Бегающие глазки застыли.
— Да, да, конечно. Она ведь младше Натальи Арсеньевны. Когда та уехала учиться в Ленинград, то есть в Петроград по-тогдашнему, Сонечке было шестнадцать только. Вот с тех пор и до самой своей смерти Александр Людвигович был… связан с ней. И сын у нее родился, его сын, он тоже учился у Натальи Арсеньевны. Да знаете вы его. Он известный журналист. Евгений Симаков. Слышали?
Я растерянно кивнула головой. Может быть, и слышала. А может, и не слышала. Какое имело это значение?

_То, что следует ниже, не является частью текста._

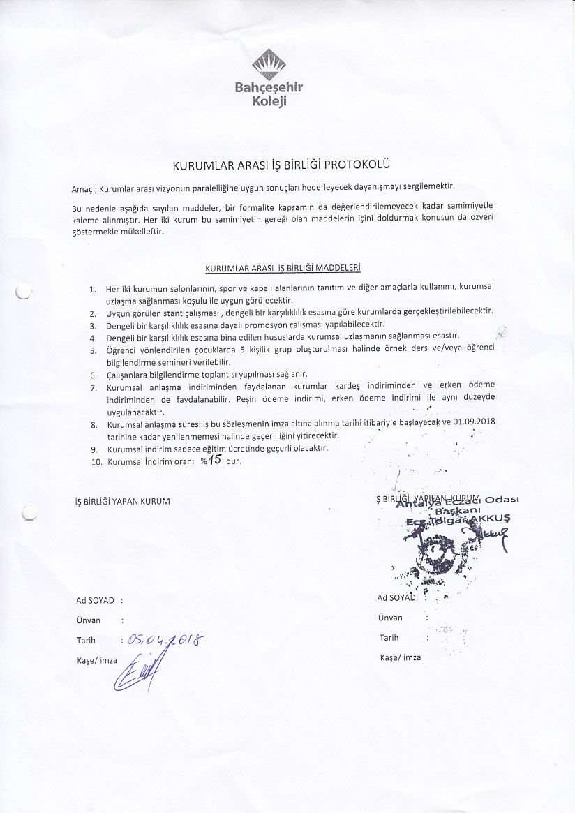 Odamızın Özel Bahçeşehir Koleji ile yapmış olduğu protokole istinaden meslektaşlarımıza özel %15 Kurumsal indirim sağlanmıştır.
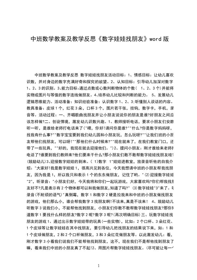 (1)数字1"娃娃进教室,放录音听他的自我介绍:"大家好!我是数字娃娃1,很高兴见到各位,今天我想请中班的小朋友帮我找朋友,因为我是1,所以我只和表示1个的东东做朋友,记住了哟。"
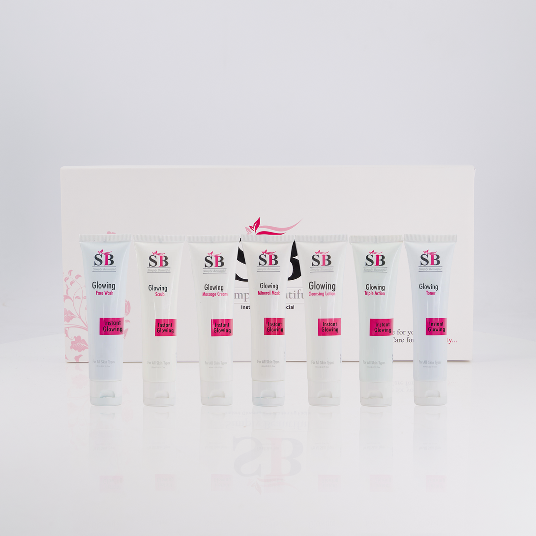 The SB skincare range offers a complete solution for achieving smooth, radiant, and healthy skin. The Facial Scrub exfoliates with apricot kernels to remove dead skin cells, leaving the skin refreshed. The Massage Cream nourishes with antioxidants, promoting circulation and radiance. The Glowing Mineral Mask detoxifies, lightens sun damage, and provides hydration. The Cleansing Lotion removes makeup, cleanses pores, and restores the skin's moisture balance. The Face Wash clears dirt, oil, and pollutants while maintaining hydration and pH levels. The Facial Toner removes impurities and dead skin cells, leaving the skin radiant. Together, these products cleanse, exfoliate, nourish, and protect the skin, ensuring a glowing and youthful complexion.

Имело значение только одно: среди благоухающего уже по-весеннему парка, вдыхая воздух, переполненный обещаниями скорого чуда, сидела старушка с покорными глазами, сданная в богадельню, словно ручная кладь, и ощущала, как медленно вливает в нее смерть свой холод.
А над ней было безмятежное небо, не треснувшее гневно пополам от увиденного, щебетали и перекликались вокруг птицы, не онемевшие от свершившегося, рядом жили счастливые от предчувствия весны люди.
«Находясь в здравом уме и твердой памяти, я лишаю себя жизни до того, как неумолимая старость постепенно лишит меня физических и духовных сил, парализует энергию, разобьет волю и превратит в тяжкий груз для себя самого и для других».
Эти слова французского марксиста Поля Лафарга, которые оставил он в объяснение своего самоубийства, часто повторяла в последнее время Наталья Арсеньевна. Я даже выучила их наизусть — так часто приходилось их слышать.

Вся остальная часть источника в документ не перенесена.